2007-03-11 | 農業・食育・食文化について

 070224_0244 2月22日に阿武野中学校を訪問。
 2年生の職業聞き取り授業の講師として参加。
 昨年に続き、2回目。
 
 事前に頂いた生徒からの質問に答えながら、調理師の仕事についてお話しました。お話だけだと面白くないので、ほんだしとこんぶ土居さんの10倍出汁の飲み比べもしました。
 結果としては3:7で、土居さんに軍配が上がりました。 正直、一安心。
 
 ちなみに、私が料理人として大切にしてくださいと伝えたのは、「学ぶ姿勢(謙虚な姿勢)」「協調性」「目標を持ち続ける強い意志」「集中力」です。
 あと、楽しく生きること。価値観や幸福感は人それぞれ。自分にとっての幸せややりがいが何なのか、自分と向き会って欲しいと伝えました。恥ずかしながら、全部自分に言い聞かせていることなのですけどね。

 つい先日、話を聞いてくれた生徒達から授業の感想文が届きました。                         

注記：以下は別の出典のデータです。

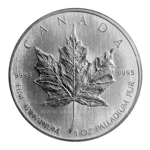 The reverse features a stylized maple leaf; the Canadian national symbol. It also includes the word palladium with weight and purity. The Canadian Palladium Maple Leaf 1 oz trades for a small premium above its palladium weight and the legal tender value while symbolic is a big plus because it provides the guarantee of a sovereign nation.
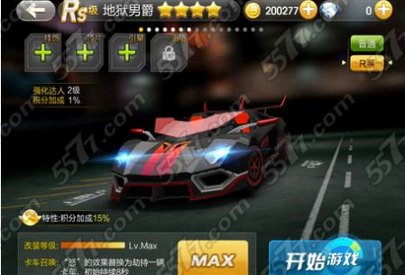 最大速度:457Km/h;加速度:14.9Km/s;节油效率:34.6KM;金币加成:+10.5%;重量:700.00kg;变道速度:+8.5%;里程分加成:+10.5%

出汁の飲み比べの感想や授業の際に見てもらった包丁のことなど、やはりリアルに見たり・体感するほうが印象に残るようですね。中には、「食材を使い切る話を聞いて、ごはんを残さなくなりました。」とか、「話を聞いて、もっと積極的にがんばろうと思いました。」という嬉しいコメントもありました。少しくらいは、生徒さんのこれからに役に立てたでしょうかね。もしそうなら、とても嬉しい事です。